Still, Delsie felt an un-nameable distance in Rich, one which she had begun to sense
slowly over several months. Perhaps it was nothing. But, her intuition told her that he was
thinking things he could not, or would not, articulate. Whatever it may be, she knew that its
antidote was communication. But should she be the one to initiate it? Should she wait until he is
ready? Will she be able to know when that time arrives? Will he open the subject himself?
Probably not, without prompting from her, she decided.

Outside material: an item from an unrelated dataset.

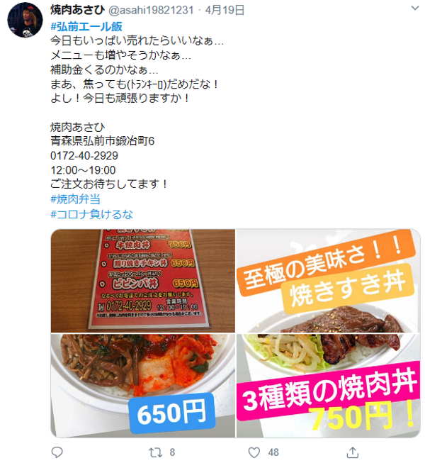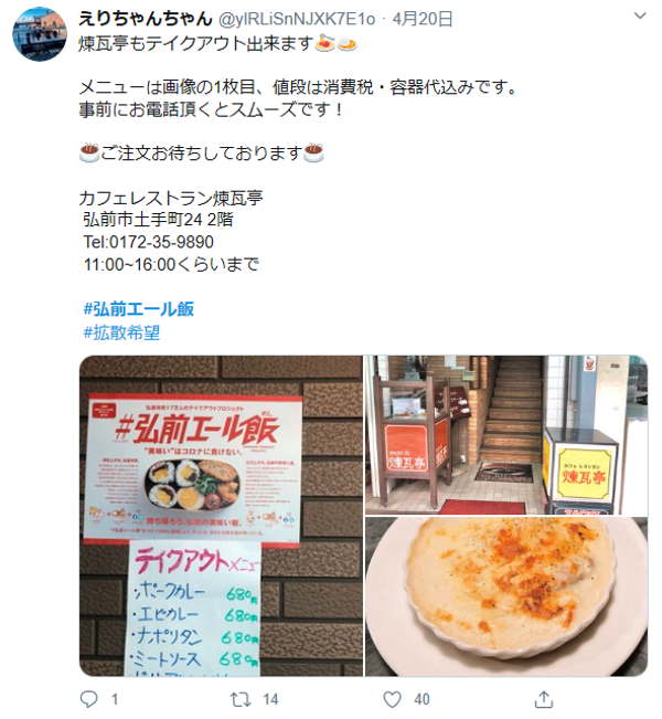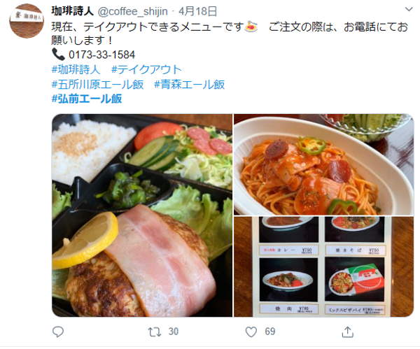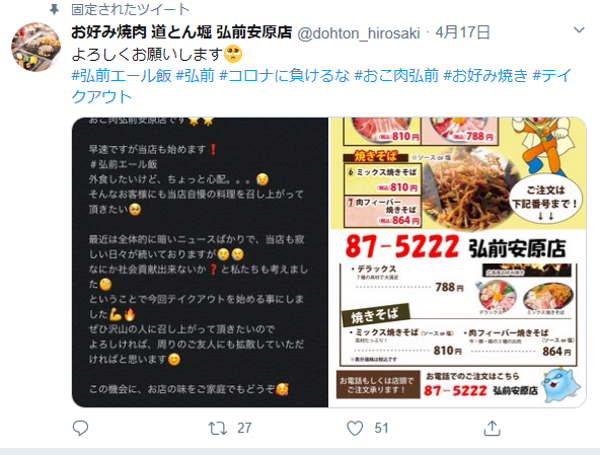 掲載は拡散・弘前の飲食店の応援のために載せていますが、「SNSの名前を消して欲しい」「うちの店を勝手に載せないでほしい」など要望がありましたら、下のほうにあるコメントに書き込みしてください。対応いたします。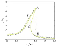 - quand la fréquence angulaire ω est augmentée lentement (avec les autres paramètres fixés), l'amplitude de réponse z chute violemment,

He had once been a prolific
communicator. Now, it seemed as though he had drifted from her, somehow. Most disturbingly,
he had become physically distant. She wanted to resist reflexively questioning whether he still
found her attractive; that seemed too cliché an explanation, and borne from insecurity rather than
rationality. In her late thirties, she was still fit, as slim as ever, and she hadn't noticed a decline
in the visual attention she seemed to receive from men wherever she went. Maybe it was a
normal complacency that should be expected this far into any marriage. Even on calm waters,
two un-tethered boats will almost imperceptibly place distance between themselves, until the gap
becomes unreachable. Communication is the tether. She must open a dialogue, she decided.
But, not now. The matter had already tarnished a breathtaking sunset within her own mind. She
would not venture to open what might be an uncomfortable topic with him at such a heavenly
moment as this.
"Better start back. It'll be dark before we get back to the truck," he said. Fortunately, a
swollen orange moon was hovering low over Mesa, and as it rose it helped illuminate their
footing. The dogs led the way back. Coyotes sounded lonesome cries, a reminder that this was
wild country, despite its urban perimeter. The coyote were the largest predators in the park. She
had never heard of Gila Monsters in the city. There were certainly diamondback rattlers and
scorpions in these mountains. She wondered whether a nocturnal coyote would challenge a party
of two humans on horseback, and two large dogs. She guessed not, but she was comforted to
know that Rich's Glock was in his saddlebag, just in case.
They rode past the rotunda to where the pass crossed the road, then hiked down to the
parking lot from there. They loaded the horses into the trailer in the darkness and drove home.
It had been a beautiful way to end the weekend. Tomorrow would begin another work week.
After a soak in the Jacuzzi tub at home, she felt refreshed both mentally and physically, and
ready to take on the world for another five days.